Microservices Communication: gRPC vs. REST
Microservices Communication: gRPC vs. REST
Microservices need to communicate. REST over HTTP/1.1 with JSON is the default choice: familiar, browser-compatible, and human-readable. gRPC over HTTP/2 with Protocol Buffers is the high-performance alternative: strongly typed, faster serialization, streaming support, and generated clients in any language. Choosing between them depends on your latency requirements, team expertise, and whether external browsers need to call your APIs.
The Core Difference
REST + JSON:
Client → HTTP POST /orders
Body: {"userId": "abc", "items": [{"id": "prod-1", "qty": 2}]}
Human-readable, easy to debug with curl
JSON parsing at every service boundary
No schema enforcement without extra tooling (OpenAPI, Zod, etc.)
gRPC + Protobuf:
Client → binary RPC CreateOrder(CreateOrderRequest{userId: "abc", items: [...]})

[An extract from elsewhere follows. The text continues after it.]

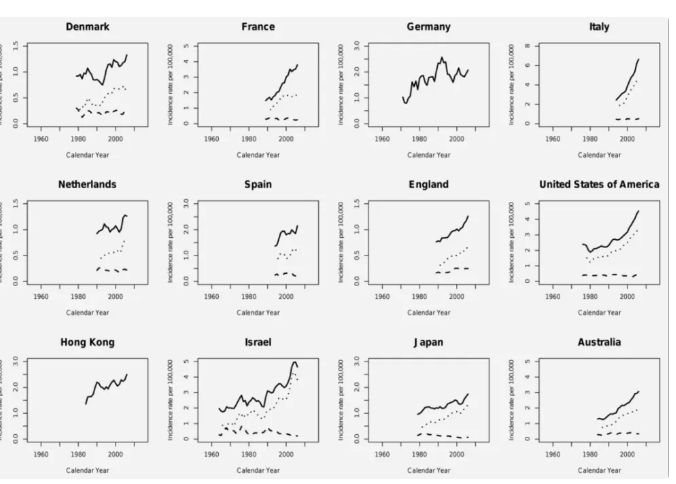 1960 年至 2007 年,在不同國(guó)家和地區(qū),男性甲狀腺癌發(fā)病率的總體趨勢(shì)呈明顯上升,圖片來源:參考文獻(xiàn)[4]

Machine-optimized, requires tooling to inspect
Binary encoding: ~3-10× smaller payloads, ~5-10× faster parsing
Schema enforced at compile time (protobuf generates typed client/server code)Protocol Buffers: The Schema
gRPC services are defined in .proto files. These generate type-safe client and server code in any supported language.
// order.proto
syntax = "proto3";
package order;
option java_package = "com.company.order";
option java_multiple_files = true;
// Enums
enum OrderStatus {
ORDER_STATUS_UNSPECIFIED = 0; // proto3: first value must be 0
ORDER_STATUS_PENDING = 1;
ORDER_STATUS_CONFIRMED = 2;
ORDER_STATUS_SHIPPED = 3;
ORDER_STATUS_CANCELLED = 4;
}
// Messages
message OrderItem {
string product_id = 1;
int32 quantity = 2;
double unit_price = 3;
}
message CreateOrderRequest {
string user_id = 1;
repeated OrderItem items = 2;
}
message CreateOrderResponse {
string order_id = 1;
OrderStatus status = 2;
double total = 3;
}
message GetOrderRequest {
string order_id = 1;
}
message ListOrdersRequest {
string user_id = 1;
int32 page_size = 2; // pagination
string page_token = 3;
}
message ListOrdersResponse {
repeated CreateOrderResponse orders = 1;
string next_page_token = 2;
}
// Service definition
service OrderService {
// Unary RPC (request-response, like REST)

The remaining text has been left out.